[Start of Attachment]

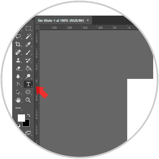 Lo primero será abrir Photoshop y cerrar todos los proyectos que tengamos abiertos para evitar tener ventanas abiertas. Hecho texto nos vamos a la herramienta de selección de Texto del panel de Herramientas.
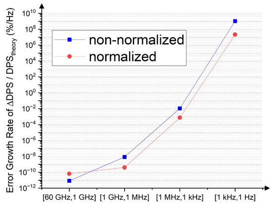 As illustrated by the DPS pattern in Figure 9, the prediction error (using the normalized result as an example) is minimal at 60 GHz, with a value of 0.16%, and begins to become noticeable at 1 MHz with an error of 4.39%, then increases sharply to 743.88% at 1 kHz, and escalates dramatically to 2.18 × % at 1 Hz. The error growth rate, expressed as percentage per Hz, is depicted in Figure 10, highlighting a continuously increasing trend as the frequency decreases from the gigahertz (GHz) range into the low-frequency breakdown (LFB) regime (MHz, kHz, and Hz). These DPS deviation results are consistent with the cross-spectrum performance predictions of the cross-sectional properties presented earlier in Section 3.2 and further demonstrate the frequency-asymmetric error growth pattern in the LFB regime from 1 MHz down to 1 kHz and 1 Hz.
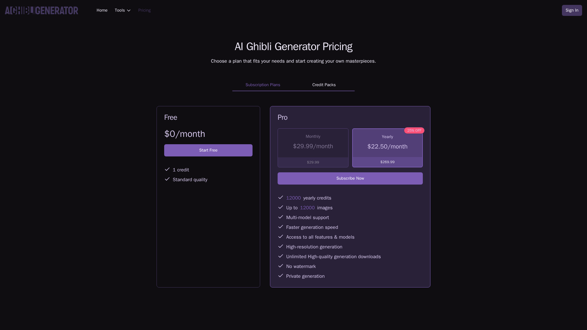 Pro plan with higher credits, faster generation, multi-model access, high-resolution outputs, and no watermark.

[End of Attachment]

All of the lines above should be copied exactly, apart from the pictures.

 Lo primero será abrir Photoshop y cerrar todos los proyectos que tengamos abiertos para evitar tener ventanas abiertas. Hecho texto nos vamos a la herramienta de selección de Texto del panel de Herramientas.
 As illustrated by the DPS pattern in Figure 9, the prediction error (using the normalized result as an example) is minimal at 60 GHz, with a value of 0.16%, and begins to become noticeable at 1 MHz with an error of 4.39%, then increases sharply to 743.88% at 1 kHz, and escalates dramatically to 2.18 × % at 1 Hz. The error growth rate, expressed as percentage per Hz, is depicted in Figure 10, highlighting a continuously increasing trend as the frequency decreases from the gigahertz (GHz) range into the low-frequency breakdown (LFB) regime (MHz, kHz, and Hz). These DPS deviation results are consistent with the cross-spectrum performance predictions of the cross-sectional properties presented earlier in Section 3.2 and further demonstrate the frequency-asymmetric error growth pattern in the LFB regime from 1 MHz down to 1 kHz and 1 Hz.
 Pro plan with higher credits, faster generation, multi-model access, high-resolution outputs, and no watermark.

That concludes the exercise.